Thank you very much, Mr. Chairman.
Thank you to the witnesses and their CEO for coming today.
I want to follow up on an issue I've raised many times before, and that has to do with voter identification. I know you received a number of submissions from MPs. We certainly sent one from Vancouver East. This goes back to Bill C-31. I don't want to lay it at your feet because you didn't suggest it, but you have to live with it.
I want to reiterate that the system as it is now, which was supposedly brought in to deal with all of this voter fraud that doesn't really exist, has created so many difficulties. We gave you one example of a man who had lived in our riding for more than 80 years and had voted there all of his life. He didn't have the right ID and was turned away, even though a scrutineer who had known him for 30 years through a community centre was there. She couldn't vouch for him because she lived in the next poll to him. He waited an hour and a half for someone to show up who was in the same poll--and this was someone very elderly. That's just one example of many. It was very frustrating and a very difficult day.
I know that you will report back to the committee on the general election with your recommendations, both legislative and administrative. Do you contemplate making changes to improve it now that we've had this first experience with the new rules? Secondly, even if you don't make legislative recommendations, what will you do about the capacity?
I'm sure this was true for many ridings, but certainly in the urban and inner-city areas, because of the new rules on ID, there were huge problems--lineups, lack of staff and resources, lack of translation, and bottlenecks of people coming through the door who didn't have ID. There weren't enough resources to send them to another electoral voting place.

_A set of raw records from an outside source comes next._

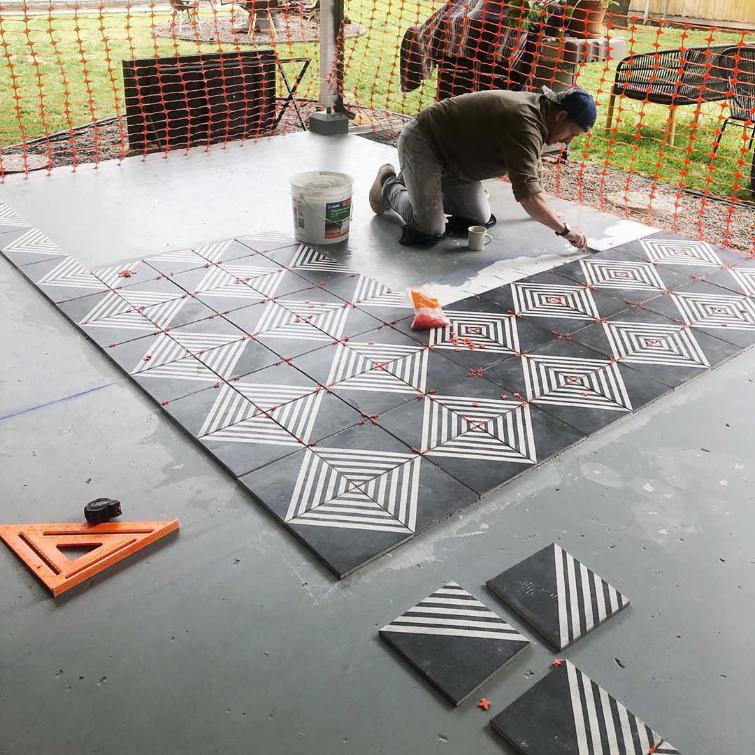Grove's husband set the tile on the patio
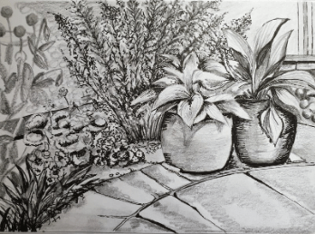 With the gradual lifting of some restrictions a few of the art group felt able to meet up this month for the first time since February. Working outside ‘en plein air’ in the Frogmoor garden and vegetable plot gave the artists ‘social distancing’ space while allowing for companionship, exchange of ideas and a renewed enthusiasm and focus.
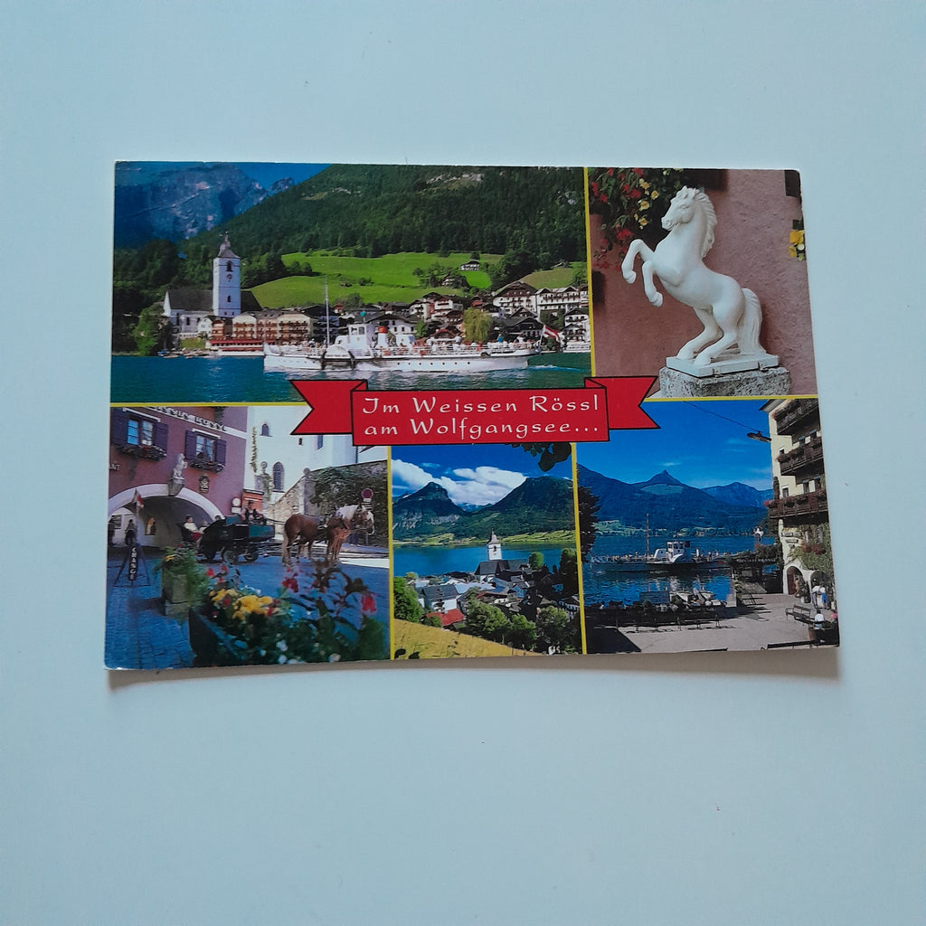 AK Im Weissen Rössl am Wolfgangsee. Gelaufen. Großformat. Verlag: St. Wolfganger Kunstverlag. Nummeriert: 375. Zustand: linkes oberes Eck und am linken Rand geknickt.
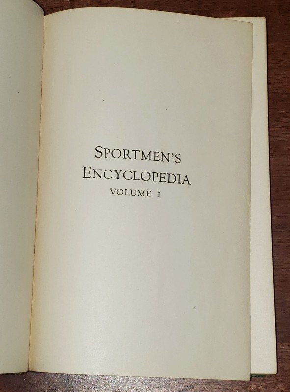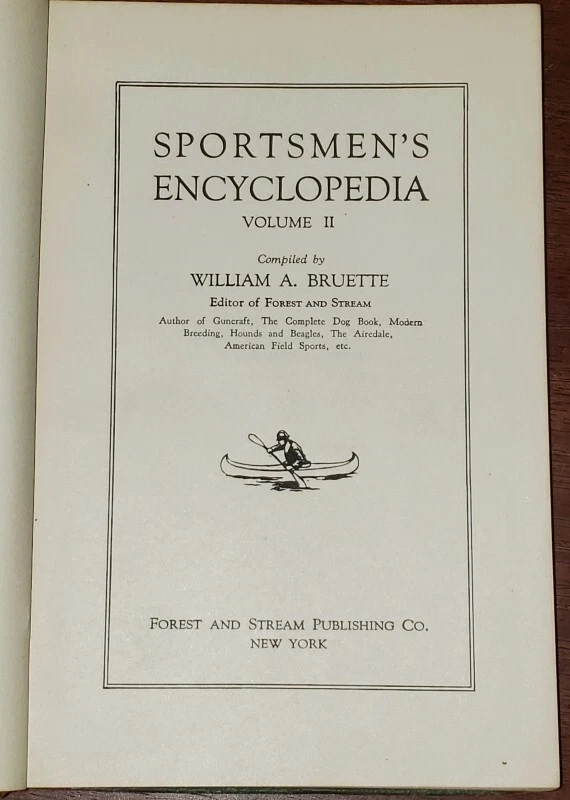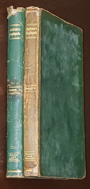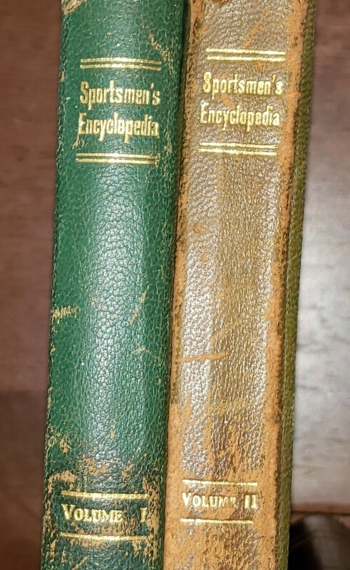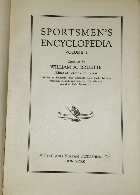 SPORTMEN'S ENCYCLOPEDIA Volume 1 & II by William A. Bruette 1923 Forest and Stream - Leather/Leatherette Bound with Gilt Lettering - 1st Printing/Edition Very Good Condition. Intact and complete with no loose pages.
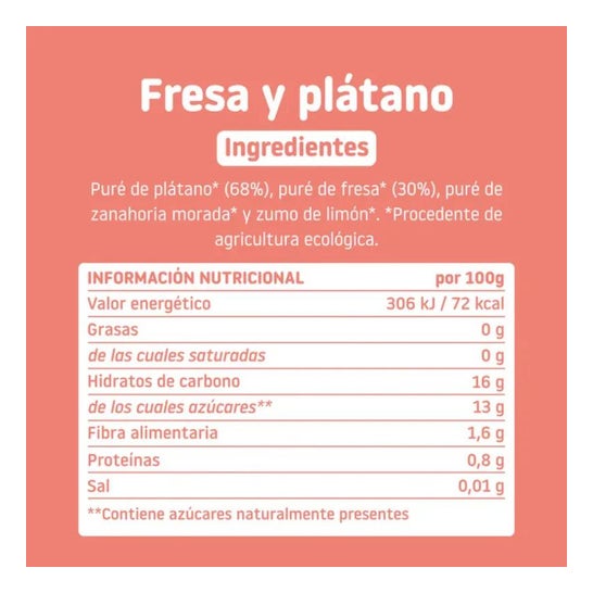 Strawberry and banana pouch made with 100% organic ingredients and with no added sugar

So even from a capacity point of view, a resourcing point of view, if nothing changes in the law and we have to deal with this again, we have to change the way it works at the local poll. Otherwise we'll be building in a level of frustration and even anger among voters for no good reason. They really are eligible to vote but just don't have the proper ID.
There's sort of the macro level of legislation, if you're going to do anything there, but even if you're not, what are we going to do at a capacity level in resourcing?